▸ **INSTRUCTIONS FOR THE TASK**
Omit all pictures and transcribe only the lines in the entries below that run from the line with "Behind the figures" through the line with "Mobile bagno sospeso".

▸ **DATA EXTRACT**
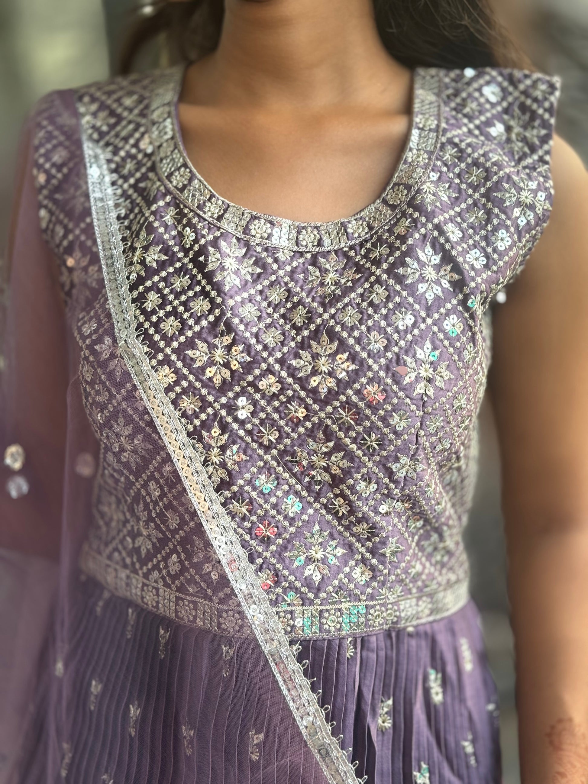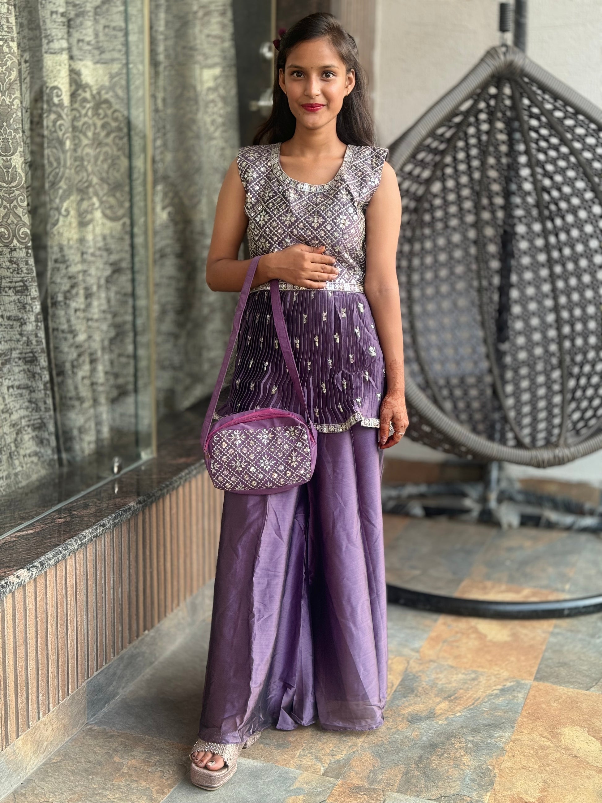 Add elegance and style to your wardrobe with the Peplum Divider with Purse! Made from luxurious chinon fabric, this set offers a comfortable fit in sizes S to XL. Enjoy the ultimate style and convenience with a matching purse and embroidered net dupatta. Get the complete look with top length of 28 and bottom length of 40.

...

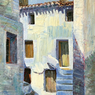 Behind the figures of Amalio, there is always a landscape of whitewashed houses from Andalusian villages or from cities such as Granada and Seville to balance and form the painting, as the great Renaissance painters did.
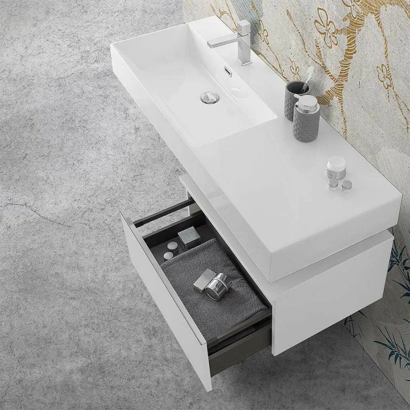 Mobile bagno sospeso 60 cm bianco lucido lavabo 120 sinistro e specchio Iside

▸ **WORKED SOLUTION**
 Behind the figures of Amalio, there is always a landscape of whitewashed houses from Andalusian villages or from cities such as Granada and Seville to balance and form the painting, as the great Renaissance painters did.
 Mobile bagno sospeso 60 cm bianco lucido lavabo 120 sinistro e specchio Iside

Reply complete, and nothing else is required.